Work item: Each line below needs to be printed again exactly.

[Saved data entries]
....

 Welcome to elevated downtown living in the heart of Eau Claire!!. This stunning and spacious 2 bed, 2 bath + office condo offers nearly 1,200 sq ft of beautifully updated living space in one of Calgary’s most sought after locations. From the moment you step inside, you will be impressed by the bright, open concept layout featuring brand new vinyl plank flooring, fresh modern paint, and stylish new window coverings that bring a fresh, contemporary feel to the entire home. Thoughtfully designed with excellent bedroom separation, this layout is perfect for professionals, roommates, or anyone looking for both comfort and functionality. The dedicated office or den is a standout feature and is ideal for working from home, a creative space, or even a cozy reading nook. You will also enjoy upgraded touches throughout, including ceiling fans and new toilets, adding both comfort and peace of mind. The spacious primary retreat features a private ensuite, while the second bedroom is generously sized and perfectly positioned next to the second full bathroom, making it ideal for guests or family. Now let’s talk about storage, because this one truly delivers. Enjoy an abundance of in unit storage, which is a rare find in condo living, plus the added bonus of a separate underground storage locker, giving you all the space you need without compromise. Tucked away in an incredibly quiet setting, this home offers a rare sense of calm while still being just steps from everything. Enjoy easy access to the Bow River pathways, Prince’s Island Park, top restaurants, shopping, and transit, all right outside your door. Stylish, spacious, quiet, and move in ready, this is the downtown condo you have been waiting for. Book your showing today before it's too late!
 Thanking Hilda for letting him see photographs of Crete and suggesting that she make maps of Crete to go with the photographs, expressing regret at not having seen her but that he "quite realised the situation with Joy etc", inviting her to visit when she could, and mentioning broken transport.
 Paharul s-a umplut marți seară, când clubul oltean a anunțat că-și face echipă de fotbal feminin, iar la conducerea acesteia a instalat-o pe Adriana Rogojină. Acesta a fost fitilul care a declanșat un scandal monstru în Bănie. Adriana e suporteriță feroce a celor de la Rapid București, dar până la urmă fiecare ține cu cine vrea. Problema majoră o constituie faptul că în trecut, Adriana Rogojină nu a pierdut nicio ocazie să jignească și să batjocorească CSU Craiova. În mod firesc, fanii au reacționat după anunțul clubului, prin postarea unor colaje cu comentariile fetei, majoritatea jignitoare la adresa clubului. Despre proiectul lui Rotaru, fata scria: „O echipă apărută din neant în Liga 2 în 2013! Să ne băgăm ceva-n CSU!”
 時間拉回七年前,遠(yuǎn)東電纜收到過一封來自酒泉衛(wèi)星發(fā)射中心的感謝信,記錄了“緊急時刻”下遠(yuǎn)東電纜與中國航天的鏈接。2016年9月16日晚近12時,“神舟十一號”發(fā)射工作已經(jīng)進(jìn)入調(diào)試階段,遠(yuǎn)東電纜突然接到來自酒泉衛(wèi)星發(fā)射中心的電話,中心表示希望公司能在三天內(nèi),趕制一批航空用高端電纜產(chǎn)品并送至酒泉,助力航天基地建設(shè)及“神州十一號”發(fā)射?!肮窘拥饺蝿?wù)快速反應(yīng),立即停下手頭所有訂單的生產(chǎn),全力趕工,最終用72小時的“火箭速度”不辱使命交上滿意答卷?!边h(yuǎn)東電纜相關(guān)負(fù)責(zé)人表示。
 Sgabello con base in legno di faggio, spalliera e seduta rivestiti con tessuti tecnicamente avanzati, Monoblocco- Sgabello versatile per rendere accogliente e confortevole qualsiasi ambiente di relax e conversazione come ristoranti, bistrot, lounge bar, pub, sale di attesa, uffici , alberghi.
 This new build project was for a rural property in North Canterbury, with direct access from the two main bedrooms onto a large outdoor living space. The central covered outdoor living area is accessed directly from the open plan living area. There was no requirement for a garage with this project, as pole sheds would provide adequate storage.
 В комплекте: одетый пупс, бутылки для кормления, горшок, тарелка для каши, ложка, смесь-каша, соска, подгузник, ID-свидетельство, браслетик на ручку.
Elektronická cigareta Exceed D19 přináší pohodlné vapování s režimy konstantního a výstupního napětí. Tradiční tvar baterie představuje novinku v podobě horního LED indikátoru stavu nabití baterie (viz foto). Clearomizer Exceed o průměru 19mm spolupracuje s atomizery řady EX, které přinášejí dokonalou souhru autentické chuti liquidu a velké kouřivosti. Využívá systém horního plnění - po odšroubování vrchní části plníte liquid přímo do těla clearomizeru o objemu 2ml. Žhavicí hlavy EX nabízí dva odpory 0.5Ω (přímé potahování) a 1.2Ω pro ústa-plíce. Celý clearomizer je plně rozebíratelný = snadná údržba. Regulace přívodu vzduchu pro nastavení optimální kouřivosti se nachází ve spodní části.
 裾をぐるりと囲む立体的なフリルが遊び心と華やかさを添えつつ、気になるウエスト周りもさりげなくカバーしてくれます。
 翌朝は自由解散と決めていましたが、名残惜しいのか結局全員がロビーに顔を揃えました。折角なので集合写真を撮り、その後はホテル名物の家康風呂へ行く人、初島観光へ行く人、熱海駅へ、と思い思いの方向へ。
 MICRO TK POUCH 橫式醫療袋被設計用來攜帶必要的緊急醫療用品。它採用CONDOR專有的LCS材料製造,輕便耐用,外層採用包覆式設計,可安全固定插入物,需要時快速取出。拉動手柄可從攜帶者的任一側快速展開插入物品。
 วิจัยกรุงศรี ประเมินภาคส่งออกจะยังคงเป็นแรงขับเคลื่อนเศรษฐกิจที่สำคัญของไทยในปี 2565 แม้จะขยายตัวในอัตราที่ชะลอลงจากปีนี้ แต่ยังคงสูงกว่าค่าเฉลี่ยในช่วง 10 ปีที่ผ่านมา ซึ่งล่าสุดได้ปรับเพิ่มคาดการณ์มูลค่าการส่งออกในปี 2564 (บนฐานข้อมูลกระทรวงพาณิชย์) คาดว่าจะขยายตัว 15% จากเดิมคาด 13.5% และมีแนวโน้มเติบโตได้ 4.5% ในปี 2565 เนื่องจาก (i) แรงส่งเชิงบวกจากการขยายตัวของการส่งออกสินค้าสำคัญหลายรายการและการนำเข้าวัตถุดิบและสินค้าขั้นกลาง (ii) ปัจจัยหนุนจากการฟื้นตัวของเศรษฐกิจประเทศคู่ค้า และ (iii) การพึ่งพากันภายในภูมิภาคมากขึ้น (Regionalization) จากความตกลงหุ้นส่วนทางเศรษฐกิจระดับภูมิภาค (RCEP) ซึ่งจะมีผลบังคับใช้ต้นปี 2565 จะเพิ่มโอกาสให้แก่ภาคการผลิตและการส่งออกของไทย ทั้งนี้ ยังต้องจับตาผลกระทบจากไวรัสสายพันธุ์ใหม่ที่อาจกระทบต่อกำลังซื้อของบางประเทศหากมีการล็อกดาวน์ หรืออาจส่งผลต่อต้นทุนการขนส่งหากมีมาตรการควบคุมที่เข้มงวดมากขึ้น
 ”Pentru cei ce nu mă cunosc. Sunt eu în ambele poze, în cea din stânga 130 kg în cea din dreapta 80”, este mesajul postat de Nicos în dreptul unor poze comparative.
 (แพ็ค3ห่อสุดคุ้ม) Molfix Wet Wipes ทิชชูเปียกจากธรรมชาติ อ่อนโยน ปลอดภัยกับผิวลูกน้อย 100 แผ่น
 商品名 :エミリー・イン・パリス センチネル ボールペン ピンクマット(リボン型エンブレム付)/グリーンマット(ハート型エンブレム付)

....

Solution to this problem:
 Welcome to elevated downtown living in the heart of Eau Claire!!. This stunning and spacious 2 bed, 2 bath + office condo offers nearly 1,200 sq ft of beautifully updated living space in one of Calgary’s most sought after locations. From the moment you step inside, you will be impressed by the bright, open concept layout featuring brand new vinyl plank flooring, fresh modern paint, and stylish new window coverings that bring a fresh, contemporary feel to the entire home. Thoughtfully designed with excellent bedroom separation, this layout is perfect for professionals, roommates, or anyone looking for both comfort and functionality. The dedicated office or den is a standout feature and is ideal for working from home, a creative space, or even a cozy reading nook. You will also enjoy upgraded touches throughout, including ceiling fans and new toilets, adding both comfort and peace of mind. The spacious primary retreat features a private ensuite, while the second bedroom is generously sized and perfectly positioned next to the second full bathroom, making it ideal for guests or family. Now let’s talk about storage, because this one truly delivers. Enjoy an abundance of in unit storage, which is a rare find in condo living, plus the added bonus of a separate underground storage locker, giving you all the space you need without compromise. Tucked away in an incredibly quiet setting, this home offers a rare sense of calm while still being just steps from everything. Enjoy easy access to the Bow River pathways, Prince’s Island Park, top restaurants, shopping, and transit, all right outside your door. Stylish, spacious, quiet, and move in ready, this is the downtown condo you have been waiting for. Book your showing today before it's too late!
 Thanking Hilda for letting him see photographs of Crete and suggesting that she make maps of Crete to go with the photographs, expressing regret at not having seen her but that he "quite realised the situation with Joy etc", inviting her to visit when she could, and mentioning broken transport.
 Paharul s-a umplut marți seară, când clubul oltean a anunțat că-și face echipă de fotbal feminin, iar la conducerea acesteia a instalat-o pe Adriana Rogojină. Acesta a fost fitilul care a declanșat un scandal monstru în Bănie. Adriana e suporteriță feroce a celor de la Rapid București, dar până la urmă fiecare ține cu cine vrea. Problema majoră o constituie faptul că în trecut, Adriana Rogojină nu a pierdut nicio ocazie să jignească și să batjocorească CSU Craiova. În mod firesc, fanii au reacționat după anunțul clubului, prin postarea unor colaje cu comentariile fetei, majoritatea jignitoare la adresa clubului. Despre proiectul lui Rotaru, fata scria: „O echipă apărută din neant în Liga 2 în 2013! Să ne băgăm ceva-n CSU!”
 時間拉回七年前,遠(yuǎn)東電纜收到過一封來自酒泉衛(wèi)星發(fā)射中心的感謝信,記錄了“緊急時刻”下遠(yuǎn)東電纜與中國航天的鏈接。2016年9月16日晚近12時,“神舟十一號”發(fā)射工作已經(jīng)進(jìn)入調(diào)試階段,遠(yuǎn)東電纜突然接到來自酒泉衛(wèi)星發(fā)射中心的電話,中心表示希望公司能在三天內(nèi),趕制一批航空用高端電纜產(chǎn)品并送至酒泉,助力航天基地建設(shè)及“神州十一號”發(fā)射?!肮窘拥饺蝿?wù)快速反應(yīng),立即停下手頭所有訂單的生產(chǎn),全力趕工,最終用72小時的“火箭速度”不辱使命交上滿意答卷?!边h(yuǎn)東電纜相關(guān)負(fù)責(zé)人表示。
 Sgabello con base in legno di faggio, spalliera e seduta rivestiti con tessuti tecnicamente avanzati, Monoblocco- Sgabello versatile per rendere accogliente e confortevole qualsiasi ambiente di relax e conversazione come ristoranti, bistrot, lounge bar, pub, sale di attesa, uffici , alberghi.
 This new build project was for a rural property in North Canterbury, with direct access from the two main bedrooms onto a large outdoor living space. The central covered outdoor living area is accessed directly from the open plan living area. There was no requirement for a garage with this project, as pole sheds would provide adequate storage.
 В комплекте: одетый пупс, бутылки для кормления, горшок, тарелка для каши, ложка, смесь-каша, соска, подгузник, ID-свидетельство, браслетик на ручку.
Elektronická cigareta Exceed D19 přináší pohodlné vapování s režimy konstantního a výstupního napětí. Tradiční tvar baterie představuje novinku v podobě horního LED indikátoru stavu nabití baterie (viz foto). Clearomizer Exceed o průměru 19mm spolupracuje s atomizery řady EX, které přinášejí dokonalou souhru autentické chuti liquidu a velké kouřivosti. Využívá systém horního plnění - po odšroubování vrchní části plníte liquid přímo do těla clearomizeru o objemu 2ml. Žhavicí hlavy EX nabízí dva odpory 0.5Ω (přímé potahování) a 1.2Ω pro ústa-plíce. Celý clearomizer je plně rozebíratelný = snadná údržba. Regulace přívodu vzduchu pro nastavení optimální kouřivosti se nachází ve spodní části.
 裾をぐるりと囲む立体的なフリルが遊び心と華やかさを添えつつ、気になるウエスト周りもさりげなくカバーしてくれます。
 翌朝は自由解散と決めていましたが、名残惜しいのか結局全員がロビーに顔を揃えました。折角なので集合写真を撮り、その後はホテル名物の家康風呂へ行く人、初島観光へ行く人、熱海駅へ、と思い思いの方向へ。
 MICRO TK POUCH 橫式醫療袋被設計用來攜帶必要的緊急醫療用品。它採用CONDOR專有的LCS材料製造,輕便耐用,外層採用包覆式設計,可安全固定插入物,需要時快速取出。拉動手柄可從攜帶者的任一側快速展開插入物品。
 วิจัยกรุงศรี ประเมินภาคส่งออกจะยังคงเป็นแรงขับเคลื่อนเศรษฐกิจที่สำคัญของไทยในปี 2565 แม้จะขยายตัวในอัตราที่ชะลอลงจากปีนี้ แต่ยังคงสูงกว่าค่าเฉลี่ยในช่วง 10 ปีที่ผ่านมา ซึ่งล่าสุดได้ปรับเพิ่มคาดการณ์มูลค่าการส่งออกในปี 2564 (บนฐานข้อมูลกระทรวงพาณิชย์) คาดว่าจะขยายตัว 15% จากเดิมคาด 13.5% และมีแนวโน้มเติบโตได้ 4.5% ในปี 2565 เนื่องจาก (i) แรงส่งเชิงบวกจากการขยายตัวของการส่งออกสินค้าสำคัญหลายรายการและการนำเข้าวัตถุดิบและสินค้าขั้นกลาง (ii) ปัจจัยหนุนจากการฟื้นตัวของเศรษฐกิจประเทศคู่ค้า และ (iii) การพึ่งพากันภายในภูมิภาคมากขึ้น (Regionalization) จากความตกลงหุ้นส่วนทางเศรษฐกิจระดับภูมิภาค (RCEP) ซึ่งจะมีผลบังคับใช้ต้นปี 2565 จะเพิ่มโอกาสให้แก่ภาคการผลิตและการส่งออกของไทย ทั้งนี้ ยังต้องจับตาผลกระทบจากไวรัสสายพันธุ์ใหม่ที่อาจกระทบต่อกำลังซื้อของบางประเทศหากมีการล็อกดาวน์ หรืออาจส่งผลต่อต้นทุนการขนส่งหากมีมาตรการควบคุมที่เข้มงวดมากขึ้น
 ”Pentru cei ce nu mă cunosc. Sunt eu în ambele poze, în cea din stânga 130 kg în cea din dreapta 80”, este mesajul postat de Nicos în dreptul unor poze comparative.
 (แพ็ค3ห่อสุดคุ้ม) Molfix Wet Wipes ทิชชูเปียกจากธรรมชาติ อ่อนโยน ปลอดภัยกับผิวลูกน้อย 100 แผ่น
 商品名 :エミリー・イン・パリス センチネル ボールペン ピンクマット(リボン型エンブレム付)/グリーンマット(ハート型エンブレム付)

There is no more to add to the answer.